Troy is the county seat
of Lincoln County and is located about 70 miles south of Hannibal and 60
miles northwest of St. Louis. The land that Troy occupies was once an old
Sac and Fox campsite. The Sac and the Fox were independent tribes of the
Algonquin who became allied as they were forced by the French to migrate
south from the Great Lakes. A large band settled along the Missouri River
and became known as the "Sac and Fox of the Missouri." European
settlers began arriving in the area as early as the 1790s attracted by the
Spanish land grants in the county's fertile Cuivre (French for copper)
River Valley.
In 1801 Deacon Joseph
Cottle erected a log cabin a short distance south of the public spring and
Zadock Woods erected a double log house north of the spring. Cottle began
operating a horse powered corn mill while Woods operated a tavern. In 1804
in St. Louis, Sac and Fox chiefs were persuaded to sign a treaty ceding to
the U.S. Government all Sac and Fox lands east of the Mississippi River, as
well as some to the west. Government efforts to enforce the land surrender
raised tensions, particularly among the bands that were not party to and
were unaware of the 1804 Treaty.
To defend their homes,
pioneers in the area, aided by Captain Nathan (the youngest son of Daniel) Boone's
Company of U.S. Mounted Rangers, built a series of forts as a first line of
defense. Woods' Fort was built at the Cottle/Woods settlement and consisted
of an almost square stockade made of strong oak timbers, set perpendicularly
in the ground and extending to a height sufficient to afford protection from
attack. Woods' Fort was the most extensive fort in the region and enclosed
the spring, cabins, Woods Tavern and Inn, and Deacon Cottle's Universalist
Church. Hostilities escalated when the War of 1812 began as the Sac and Fox
sided with the British. During the war Woods' Fort served as headquarters
for Lt. Zachary Taylor who later became the twelfth President of the United
States. Hostilities ended when the Sac-Fox Treaty of 1815-1816 was signed.
The settlement that
grew up around Woods' Fort became Troy when it was surveyed and laid out on
September 19, 1819, by Deacon Cottle and others. The town was named by
merchant Joshua N. Robbins after Troy, NY, which itself was named after the
classical Troy, site of the Trojan War in Homer's "Iliad." Troy
was selected in 1828 as county seat of Lincoln County, replacing Monroe and
Alexandria. The town grew as a political and agricultural center using the
river town of Cap Au Gris as a shipping point until the arrival of the St.

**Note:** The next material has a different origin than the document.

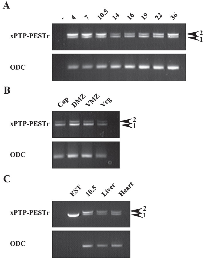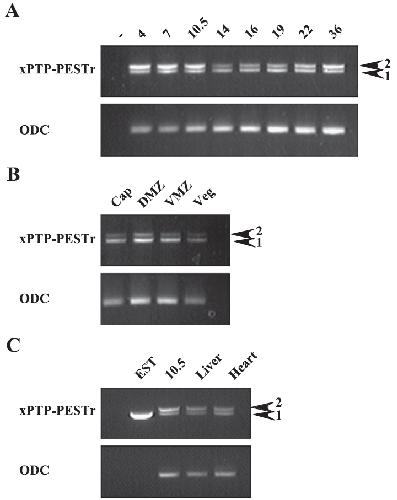heart and liver of an adult male (C) using primer for xPTP-PESTr and ODC.

Louis, Hannibal, & Keokuk Railroad in 1884. Lincoln County was
sympathetic to the South during the Civil War but the almost continuous
presence of Union troops in Troy kept the county free of any fighting.
Downtown
Troy has many good examples of 19th-century structures including three
notable churches and the Lincoln County Courthouse. On the site of Woods'
Fort are two reassembled log cabins and a historical marker. Troy is just
three miles from Cuivre River State Park, which was added to the Missouri
State Park system in 1946.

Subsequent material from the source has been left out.